Armand Joseph Bruat (Colmar, 26 May 1796  – Montebello, off Toulon, 19 November 1855) was a French admiral.

Biography 
Bruat joined the French Navy in 1811, at the height of the Napoleonic Wars. His early career included far-ranging sea duties: in 1815, he served in Brazil and the West Indies. From 1817 to 1820 he was with French forces in the Levant. Then, until 1824, he was stationed first in Senegal and then the Pacific.

As a Lieutenant, Bruat took part in the 1827 Battle of Navarino as maneuver officer on Breslaw. In 1830, he received command of the brig Silène and cruised off Algiers, taking a number of prizes. As Silène followed the Aventure commanded by Félix-Ariel d'Assigny (1794-1846), she was wrecked and the crew was captured during the shipwreck of Dellys, 110 men being massacred. While captive, Bruat managed to transmit observations on the state of the defences of Algier to admiral Duperré.

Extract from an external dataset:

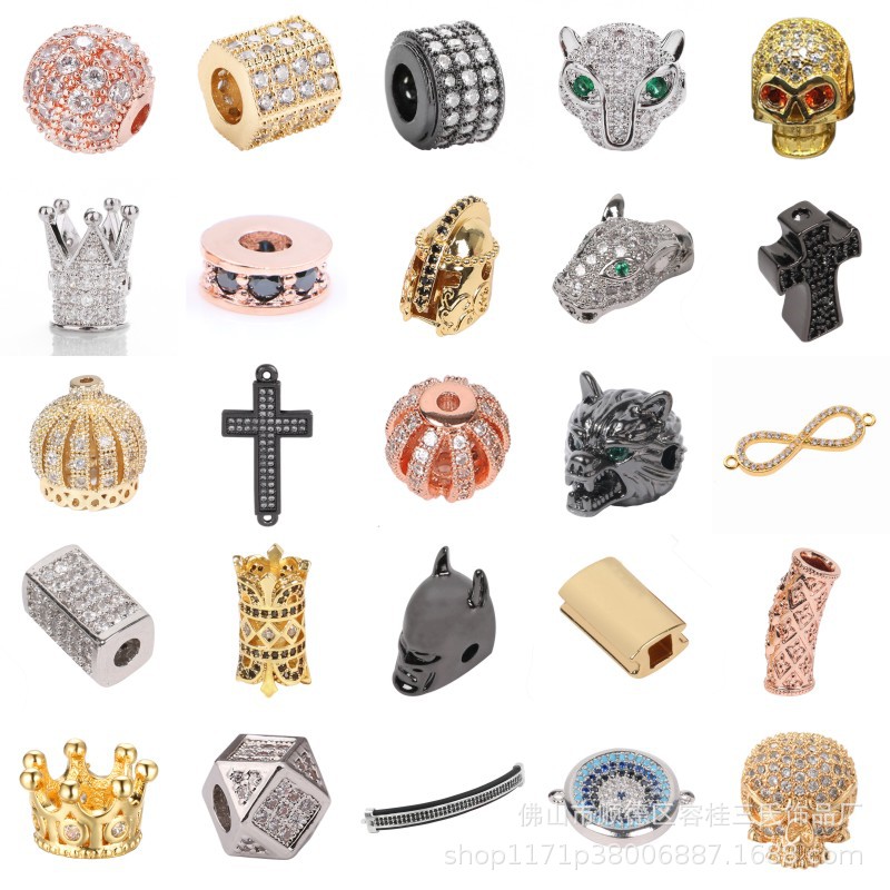 Aksesoris bertatahkan mikro grosir pabrik aksesori gelang diy mahkota manik-manik bulat Aksesori perhiasan zirkon Aksesori penjarak
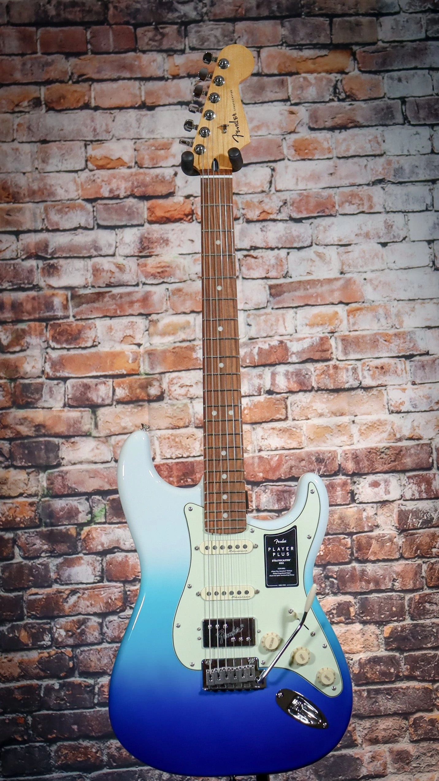 Fusing classic Fender design with player-centric features and exciting new finishes, the Player Plus Stratocaster HSS delivers superb playability and unmistakable style. The powerful Player Plus humbucking pickup delivers the perfect balance of gain and definition, while the Player Plus Noiseless Strat® pickups are bright and touch sensitive, offering classic Strat tone without hum. A push-pull tone controls activate coil-split mode for the humbucking pickup, delivering crystal-clear single-coil tones. The silky satin Modern “C” Player Plus Strat® neck fits your hand like a glove, with smooth rolled edges for supreme comfort. The 12” radius fingerboard and 22 medium jumbo frets facilitate fluid leads and choke free bends. Smooth and responsive, the 2-point tremolo provides classic vibrato effects, while the locking tuners provide rock-solid tuning and make string changes quick and easy. With classic Fender style, advanced features and stunning new finishes, the Player Plus Stratocaster HSS is the perfect tool to spark your creativity and stand out from the crowd.

After the Invasion of Algiers, Bruat was promoted to captain and awarded commanded the Iéna, off Portugal. He then served on Triton, before supervising naval constructions in Toulon from 1841.

In 1843, he was made the Governor of the Marquesas Islands. During this time, he was also France's agent at the court of Queen Pomare of Tahiti, where he was able to convince her to acknowledge a French protectorate over her realm.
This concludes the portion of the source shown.